• _Your task_:
Output nothing but the lines from the first line of the entries to the line with "4., 5. Kamenný", inclusive, exactly as they read.

*** Opening of Records for the exercise ***

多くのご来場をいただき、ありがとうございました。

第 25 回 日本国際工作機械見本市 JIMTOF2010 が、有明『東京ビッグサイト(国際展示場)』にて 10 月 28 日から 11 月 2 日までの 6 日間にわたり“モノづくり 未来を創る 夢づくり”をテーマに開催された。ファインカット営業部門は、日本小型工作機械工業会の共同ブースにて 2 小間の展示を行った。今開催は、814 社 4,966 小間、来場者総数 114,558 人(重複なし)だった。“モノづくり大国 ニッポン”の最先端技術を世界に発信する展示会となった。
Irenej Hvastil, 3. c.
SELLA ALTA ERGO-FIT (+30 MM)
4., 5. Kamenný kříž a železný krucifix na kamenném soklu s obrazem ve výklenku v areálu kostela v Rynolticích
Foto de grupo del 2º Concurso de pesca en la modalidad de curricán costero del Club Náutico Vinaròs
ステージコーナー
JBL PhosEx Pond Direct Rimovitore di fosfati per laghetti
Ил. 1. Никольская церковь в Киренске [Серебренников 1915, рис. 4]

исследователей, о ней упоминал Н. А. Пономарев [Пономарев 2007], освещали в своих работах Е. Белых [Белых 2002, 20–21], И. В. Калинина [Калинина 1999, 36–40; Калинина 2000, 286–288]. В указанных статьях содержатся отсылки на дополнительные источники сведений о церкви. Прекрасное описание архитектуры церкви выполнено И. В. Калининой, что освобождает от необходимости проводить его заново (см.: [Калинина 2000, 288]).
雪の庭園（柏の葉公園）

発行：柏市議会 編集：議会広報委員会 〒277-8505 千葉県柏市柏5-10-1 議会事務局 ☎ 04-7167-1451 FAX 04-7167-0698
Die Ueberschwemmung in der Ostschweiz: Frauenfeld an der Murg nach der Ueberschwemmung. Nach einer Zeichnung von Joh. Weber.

*** Close of Records for the exercise ***

• _Solved exercise_:
多くのご来場をいただき、ありがとうございました。

第 25 回 日本国際工作機械見本市 JIMTOF2010 が、有明『東京ビッグサイト(国際展示場)』にて 10 月 28 日から 11 月 2 日までの 6 日間にわたり“モノづくり 未来を創る 夢づくり”をテーマに開催された。ファインカット営業部門は、日本小型工作機械工業会の共同ブースにて 2 小間の展示を行った。今開催は、814 社 4,966 小間、来場者総数 114,558 人(重複なし)だった。“モノづくり大国 ニッポン”の最先端技術を世界に発信する展示会となった。
Irenej Hvastil, 3. c.
SELLA ALTA ERGO-FIT (+30 MM)
4., 5. Kamenný kříž a železný krucifix na kamenném soklu s obrazem ve výklenku v areálu kostela v Rynolticích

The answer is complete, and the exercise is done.